It's piled with caramelized onions, smoked Gouda, bacon, pickled long-hots and chili-mayo.
Bartender Keith Hayman says there's just something special about it.
"The love, the magic, I don't know exactly. People love the burger though," Hayman said.
Royal Tavern got a shout out in the September issue of Esquire.
The magazine named Philadelphia "the Late Night Capital of the US" when it comes to food and fun.
No surprise to Meryl Levitz, the CEO of the Greater Philadelphia Tourism Marketing Corporation.
"Philly, in the last 20 years, has become an overnight sensation," Levitz said.
Her non-profit has been working for years to push Philly as an overnight destination, not just a daytrip.

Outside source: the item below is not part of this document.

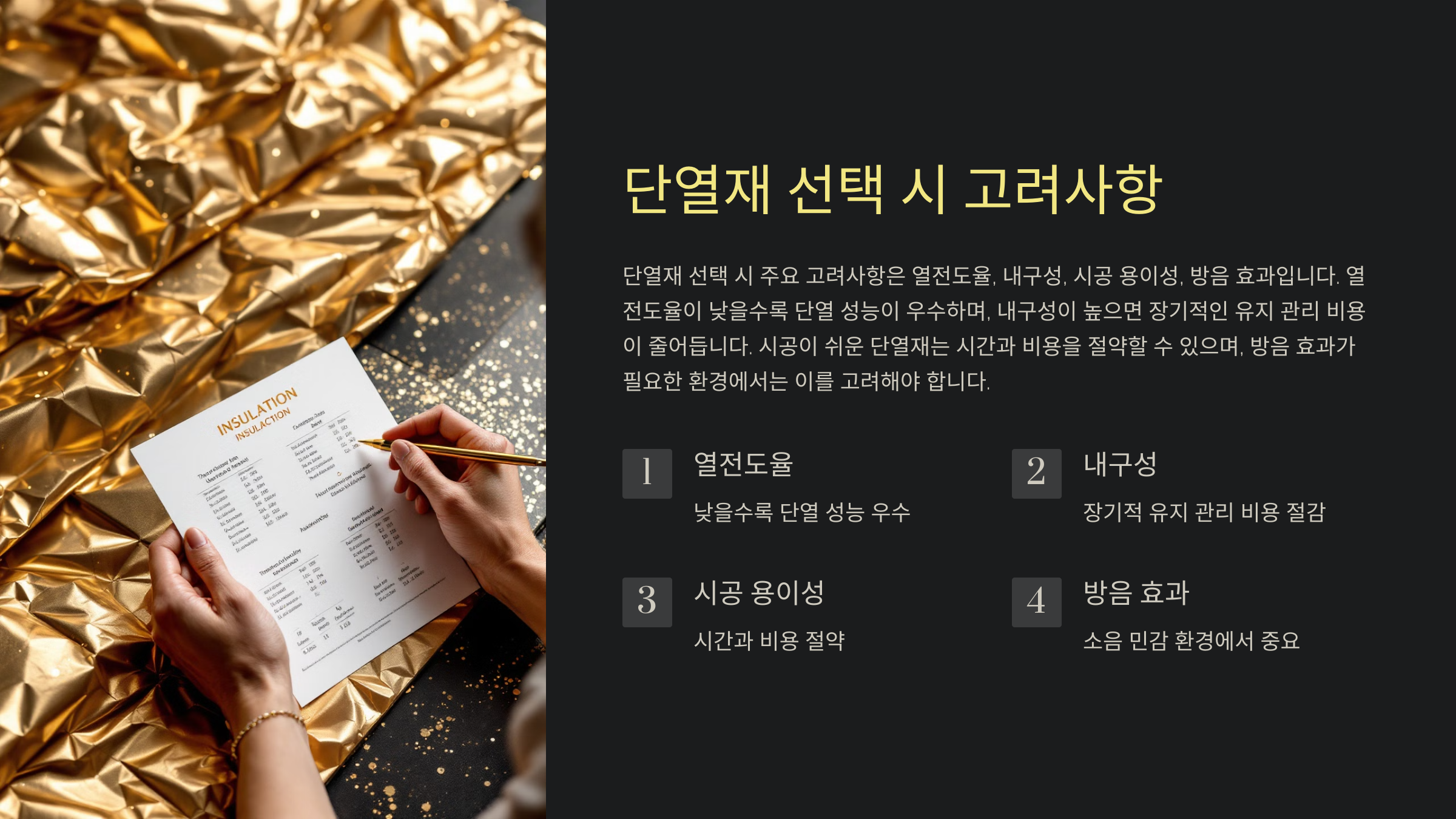 단열재 선택 시 고려해야 할 요소

"Philadelphia at some point decided the day was not going to fold up at 5:00 p.m.," Levitz said.
For locals and out-of-towners alike that night could very well include a cheesesteak.
Hot steak sizzles on the grill at Tony Luke's in South Philadelphia. A popular post-game spot, patrons know no matter the hour, their food will be hot and fresh.
"We cook them on 225 and they slow cook. So you may have to wait a little longer, but you'll get a good sandwich," Darryl Thomas of Tony Luke's said.
One Chinatown restaurant also got an Esquire mention, but some say the late-night food picks are endless and you can't go wrong.
"It's the best place. You really can get what you want," Chinatown resident Victor Zhang said.
Whatever the dish, the new title is no shock to lifelong Philadelphians we spoke with, but some New Yorkers registered a rebuttal.
"I just think New York has a lot more to do at night," Daniella Zandi said.
"It's the type of city where if you need anything at any given hour you don't have to walk more than three or four blocks to get it," David Zandi said.
For a lot of people we spoke to the recognition for food and fun in this city is long deserved. And the great news is, the restaurants featured in the article are just the tip of one very delicious iceberg.